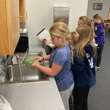Sweet treats from scratch were on the menu for this pre-Halloween session. The Cooking Crew made oven-baked donuts with glazed frosting and sprinkles, and vanilla pudding. Did you know there are pans designed for baking donuts instead of frying them? Now you do, and so do the kids and a bunch of parents and staff who had never seen them before either! Tasty donut goodness and yummy, smooth vanilla pudding? Yes, please and thank you! Great job kids! And congratulations, Deb Haverkamp, on successfully testing a new recipe while wrangling a group of wired up boys and ghouls post-Halloween school parties!
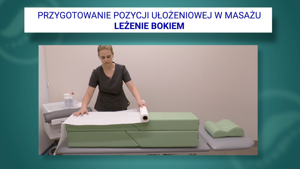 Film przedstawiający przygotowanie pozycji ułożeniowej w masażu - leżenie bokiem.
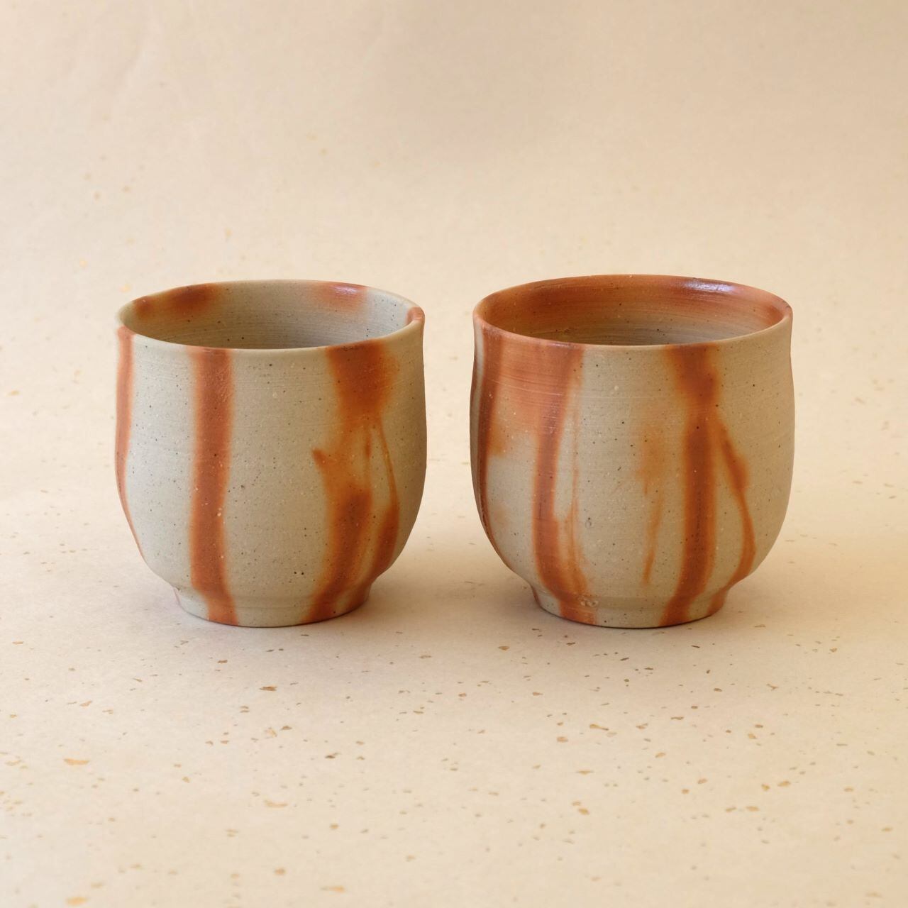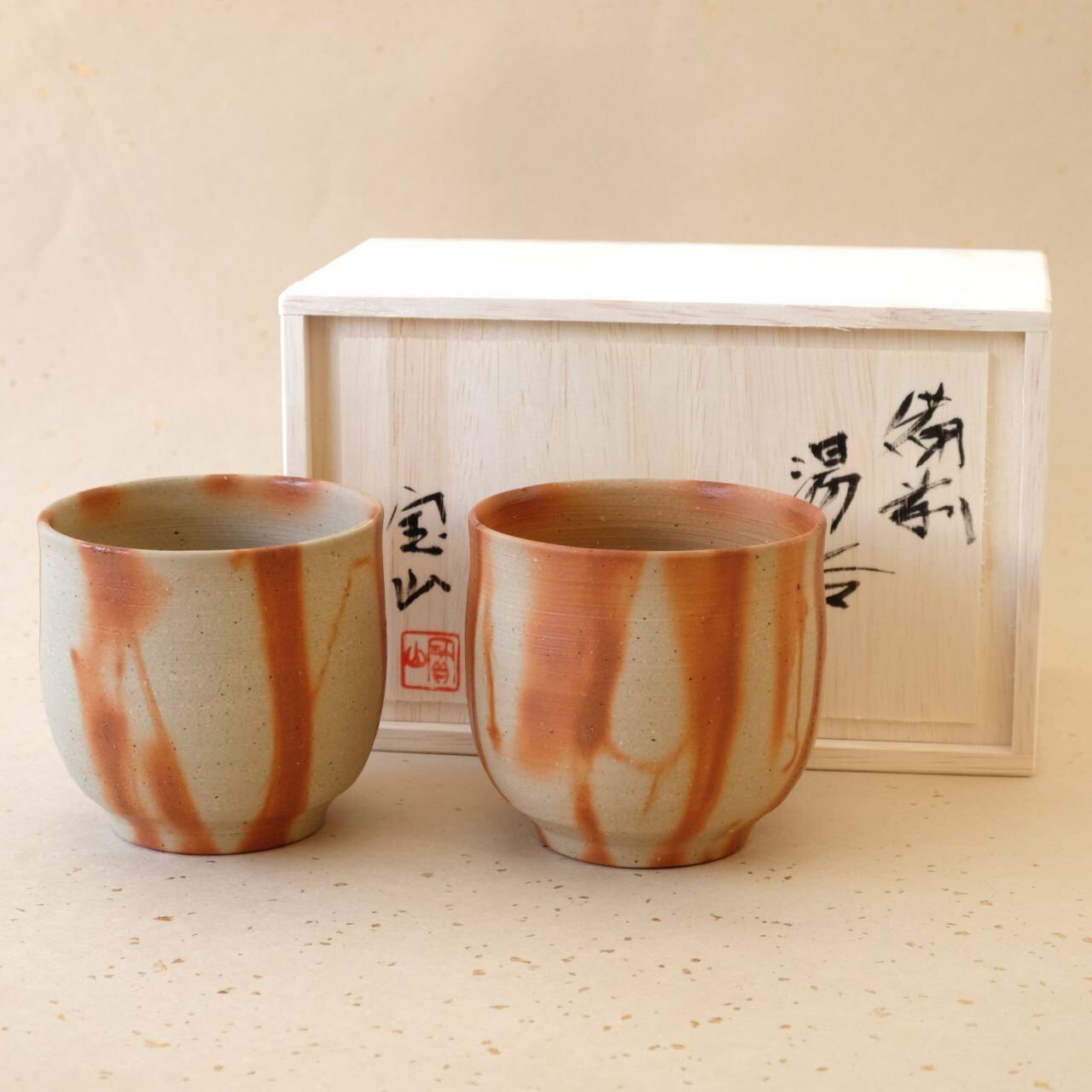 標準サイズの湯呑セットです。お茶だけでなく、さまざまな飲み物のうつわとしても使っていただけます。ワラを巻いていた部分が赤く発色し、景色となっています。
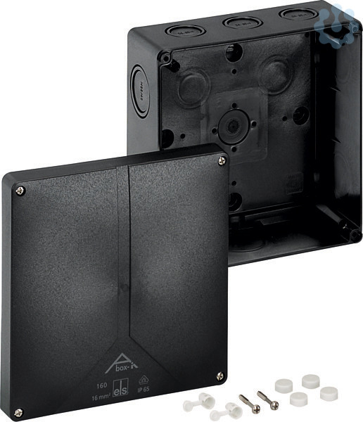 Verbindungsdose, Industrie Qualität nach DIN EN 60670 (VDE 0606), Ui=690V, witterungsbeständig, schlagfest, halogenfrei, mit Plombierset, passende Kabeleinführungen siehe Zubehör, schwarz, ohne Klemmen

Problem requirements ▸
Everything from the line containing "標準サイズの湯呑セットです。" to the last line of the listing above must be reproduced exactly, with no pictures included.

Solution to this exercise ▸
 標準サイズの湯呑セットです。お茶だけでなく、さまざまな飲み物のうつわとしても使っていただけます。ワラを巻いていた部分が赤く発色し、景色となっています。
 Verbindungsdose, Industrie Qualität nach DIN EN 60670 (VDE 0606), Ui=690V, witterungsbeständig, schlagfest, halogenfrei, mit Plombierset, passende Kabeleinführungen siehe Zubehör, schwarz, ohne Klemmen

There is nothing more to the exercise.